DETAILED DESCRIPTION OF THE EMBODIMENT(S)
[0036] Hereinafter, referring to the appended drawings, preferred
embodiments of the present invention will be described in detail.
It should be noted that, in this specification and the appended
drawings, structural elements that have substantially the same
function and structure are denoted with the same reference
numerals, and repeated explanation thereof is omitted.
[0037] (A) Basic concept according to an embodiment of the present
invention
[0038] The technique described in JP 2014-72708A can collect target
area sounds by performing calculations in accordance with Formula
(7) and Formula (8), which will be described below, even if
non-target area sounds are present in the surroundings of an area
to be set to a target.
[0039] However, a spectral subtraction (SS) is performed two times
in the BF output of the microphone arrays MA1 and MA2 in accordance
with Formula (4), and the extraction of a target area sound
component in accordance with Formula (8). Accordingly, there is the
possibility that output target area sounds will be distorted.
[0040] In addition, there is the problem that non-target area
sounds will remain without being sufficiently suppressed under an
environment with strong reverberations.
[0041] FIGS. 5A and 5B are figures that each show a change of an
amplitude spectrum of each component in an area sound collection
process under an environment with no reverberations. In particular,
FIG. 5A is a figure that shows extraction of non-target area sounds
included in BF output Y.sub.1 of the microphone array MA1. In
addition, FIG. 5B is a figure that shows extraction of target area
sounds included in BF output Y.sub.1 of the microphone array
MA1.
[0042] As shown in FIG. 5A, target area sounds, and non-target area
sounds N.sub.1 present in a target area direction are included in a
BF output Y.sub.1 of the microphone array MA1. Further, target area
sounds, and non-target area sounds N.sub.2 are included in a BF
output Y.sub.2 of the microphone array MA2.

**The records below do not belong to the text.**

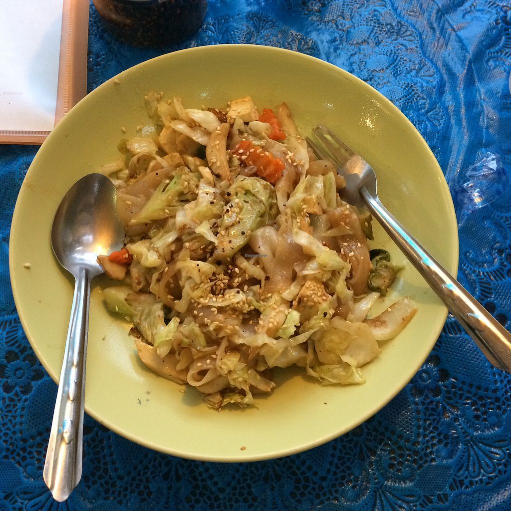 Had the breakfast set A, vegan omelette with 2 toasted slices of whole-wheat bread, jam, vegan butter and some salad. For an additional 10 baht I was able to exchange the coffee for Thai coconutmilk iced tea. Altogether I payed 100 baht. The staff was extremely friendly and the food was divine. They even gave me some extra tea to fill up my glass as soon as some ice melted. May not be the fanciest looking place, but it sure was one of the best breakfast I had so far.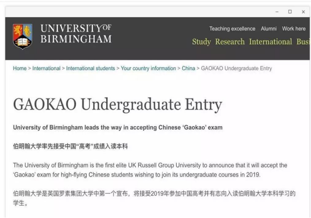 虽然对于中国学生而言,尤其是准备高考、留学齐头并进的同学,这绝对是福音,但想要通过高考进入伯明翰大学,要求也相当严苛。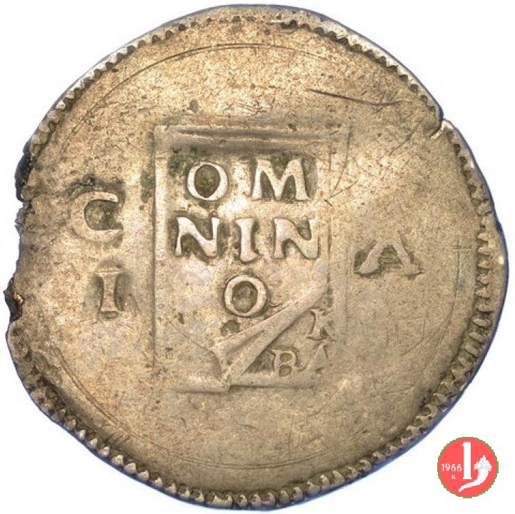 Sesino con San Possidonio (anepigrafe) Dritto: • IO • FR • • M • D • C • C • Stemma interzato in fascia, sormontato da aquila bicipite con teste nimbate. San Possidonio mitrato di fronte, benedice con la mano destra e tiene il pastorale nella sinistra; ai lati, S P. | |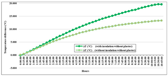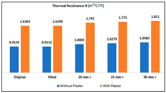 Also, as seen in the figure, a gradual increase in the thermal resistance with respect to the increase in the height of the rear insulation was observed. The values of the thermal resistance of the original block without plaster and with plaster were 0.9124 m2·°C/W and 1.6363 m2·°C/W, respectively, which increased to 1.0583 m2·°C/W and 1.8110 m2·°C/W, respectively, at its maximum optimized condition of +30 mm.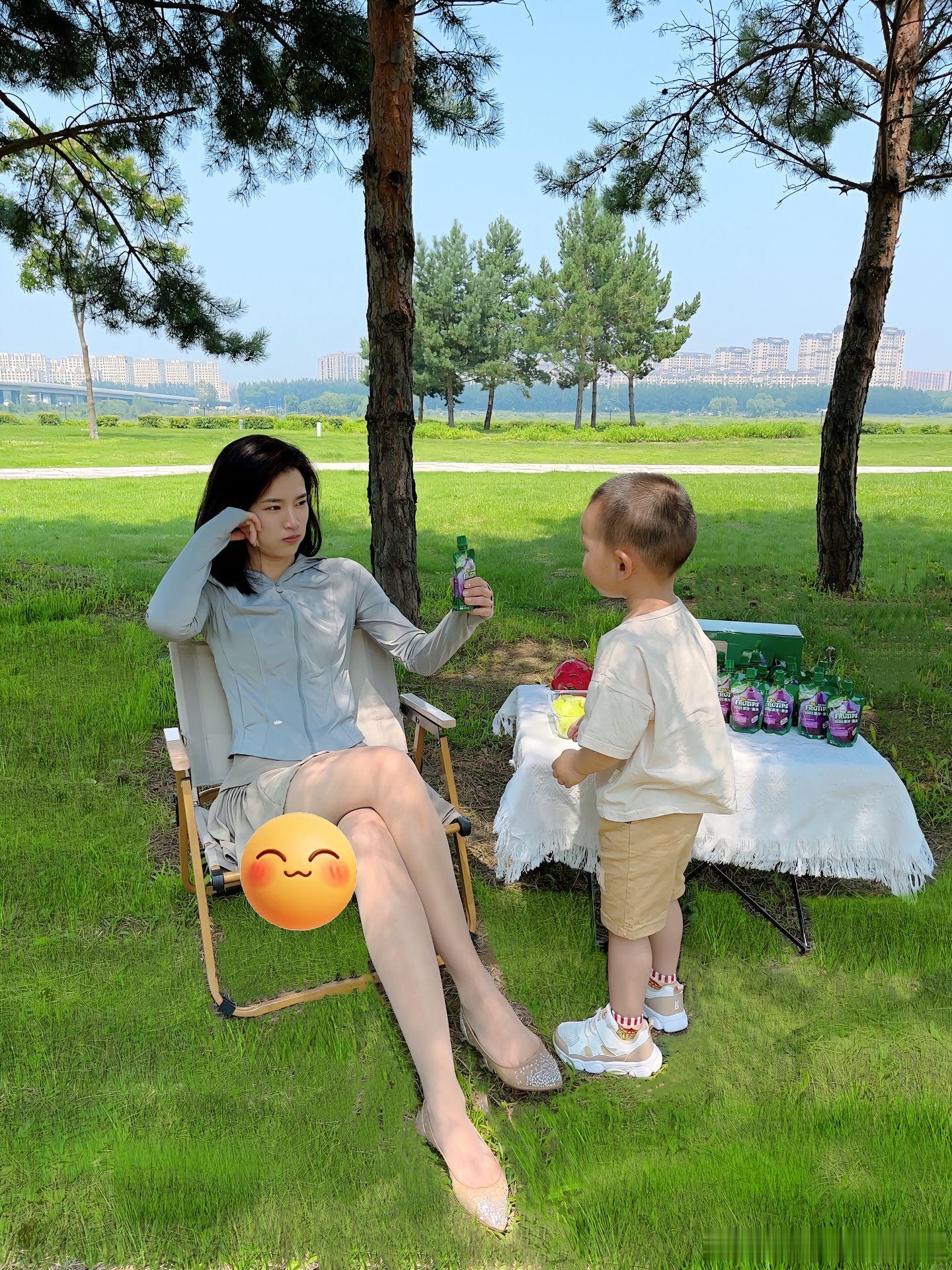街头偶遇一位穿搭很有气质的女士,浅粉钉珠上衣配浅蓝开叉裙,简约又精致,看着就很有

[0043] A target area sound extraction unit 6 performs SS for the
multiplication of a correction coefficient .alpha..sub.1 by the BF
output Y.sub.2 from the BF output Y.sub.1 in accordance with
Formula (7) in order to extract N.sub.1. In this way, target area
sounds commonly included in the BF output Y.sub.1 and the BF output
Y.sub.2 are suppressed, and the non-target area sounds N.sub.1
included in the BF output Y.sub.1 remain (refer to FIG. 5A). At
this time, the non-target area sounds N.sub.2 included in the BF
output Y.sub.2 are not included in the BF output Y.sub.1.
Accordingly, while this component (the non-target area sounds
N.sub.2) has a negative value when SS is performed, there will be
no influence because a flooring process is performed.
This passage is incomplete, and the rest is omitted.